FgSRLs are not considered responsible for metabolic worsening, or at least not such as to disregard their effectiveness on biochemical or tumor mass control. The onset of T2DM in well-controlled patients is not a valid reason for fgSRLs therapy discontinuation (statement 13.1), which should be accompanied by the start of an antidiabetic drug (statement 13.2). This despite evidence demonstrating significant positive impact on glucose metabolism of PEGV, regardless of IGF-1 levels [43]. Therefore, in the experts’ opinion the attainment of effective control over acromegaly is the priority. The positive effects on GH/IGF-1 secretion and tumor mass are deemed more crucial, with any potential deterioration in glycemic control being considered a separate concern. It is noteworthy that these assertions achieved a more robust consensus than in 2017. However, when T2DM treatment is ineffective, the experts agree on a switch to PEGV monotherapy also in well-controlled patients (statement 13.3); this statement did not achieve a consensus in 2017, indicating that, at least in this subpopulation, the panelists agreed that the positive effect of PEGV on glucose metabolism may be exploited to manage both conditions.

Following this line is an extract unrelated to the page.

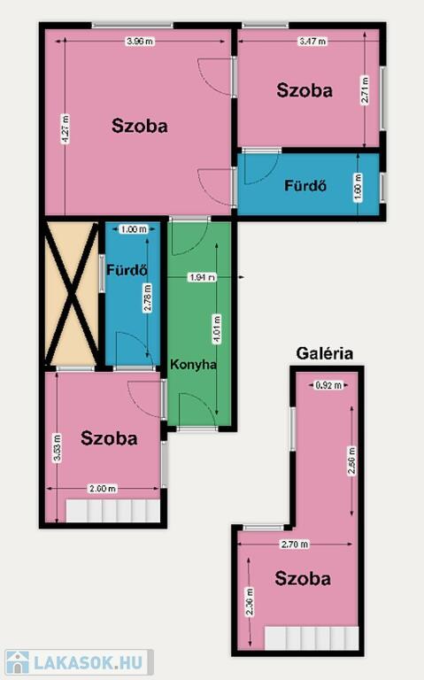 A lakás jelenlegi elosztása rendkívül praktikus: három külön nyíló hálószoba, két fürdőszoba, utcai és udvari nézetű ablakokkal. A 405 cm-es belmagasság lehetővé tette egy galéria kialakítását, ami tovább növeli a hasznos teret.

Experts agree that in a patient with history of GDM and a GH-secreting macroadenoma resistant to fgSRLs, surgical intervention should be prioritized (statement 15.4). Another option is the combination of fgSRLs and PEGV (considering the diabetogenic and tumor growth risks if fgSRLs are discontinued and PEGV is used as monotherapy) (statement 15.2). An alternative that gains consensus in the second round is shifting to PASI (prioritizing the tumor mass issue over the diabetes concern, statement 15.1).

Limitations

This work presents the limitations of the Delphi studies: a decline in response rate between the rounds of 17% was observed, but this is within the limits described for Delphi studies, especially when dealing with a large number of statements [58, 59]. The consistency of answers in subsequent interactions indicated that the statements were correctly defined. Although some of the invited experts did not participate, those taking part well represented the real-world management of acromegaly in Italy. The lack of consensus for some statements underlines the open questions that need further research to be addressed.